In chronic cases that did not improve with anticonvulsants, tenotomy of the superior oblique muscle has been performed, but usually it necessitates inferior oblique surgery as well. Surgical decompression of the IVth nerve has also been reported to be beneficial but may result in superior oblique palsy.
Practically, treatment should be started with carbamazepine (200 to 400 mg p.o. three to four times daily) or phenytoin (250 to 400 mg p.o. daily). The side effects and the risk of such therapy are the same as when used to treat trigeminal neuralgia.

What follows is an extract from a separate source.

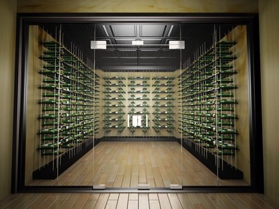 The design’s most distinctive feature is its “floating” floor-to-ceiling racks. A series of metal uprights support the rack’s individual wood platforms, which are positioned to create the illusion that the client’s wine collection is floating in midair. This effect is particularly striking in a glass-enclosed wine room, and optional clear acrylic bottle supports can enhance the illusion further.

Paroxysmal Vestibular Episodes
As initial therapy, an anticonvulsant [carbamazepine (slow release formulation) 2 x 200 to 800 mg p.o. daily; phenytoin 250 to 400 mg p.o. daily, lamotrigine 100 to 400 mg p.o. daily] should be given. In general, a positive response to antiepileptic drugs can be achieved with low dosages. If the symptoms do not cease, a surgical approach may be considered. There are no satisfactory follow-up studies, and the diagnostic criteria have not yet been fully established.
Definitions:
Evidence Classification Scheme for a Therapeutic Intervention
Class I: An adequately powered prospective, randomized, controlled clinical trial with masked outcome assessment in a representative population or an adequately powered systematic review of prospective randomized controlled clinical trials with masked outcome assessment in representative populations. The following are required:
- Randomization concealment
- Primary outcome(s) is/are clearly defined
- Exclusion/inclusion criteria are clearly defined
- Adequate accounting for dropouts and crossovers with numbers sufficiently low to have minimal potential for bias
- Relevant baseline characteristics are presented and substantially equivalent among treatment groups or there is appropriate statistical adjustment for differences
Class II: Prospective matched-group cohort study in a representative population with masked outcome assessment that meets a–e above or a randomized, controlled trial in a representative population that lacks one criteria a–e
Class III: All other controlled trials (including well-defined natural history controls or patients serving as own controls) in a representative population, where outcome assessment is independent of patient treatment
Class IV: Evidence from uncontrolled studies, case series, case reports, or expert opinion
Rating of Recommendations
Level A rating (established as effective, ineffective, or harmful) requires at least one convincing class I study or at least two consistent, convincing class II studies.
Level B rating (probably effective, ineffective, or harmful) requires at least one convincing class II study or overwhelming class III evidence.
Level C rating (possibly effective, ineffective, or harmful) requires at least two convincing class III studies.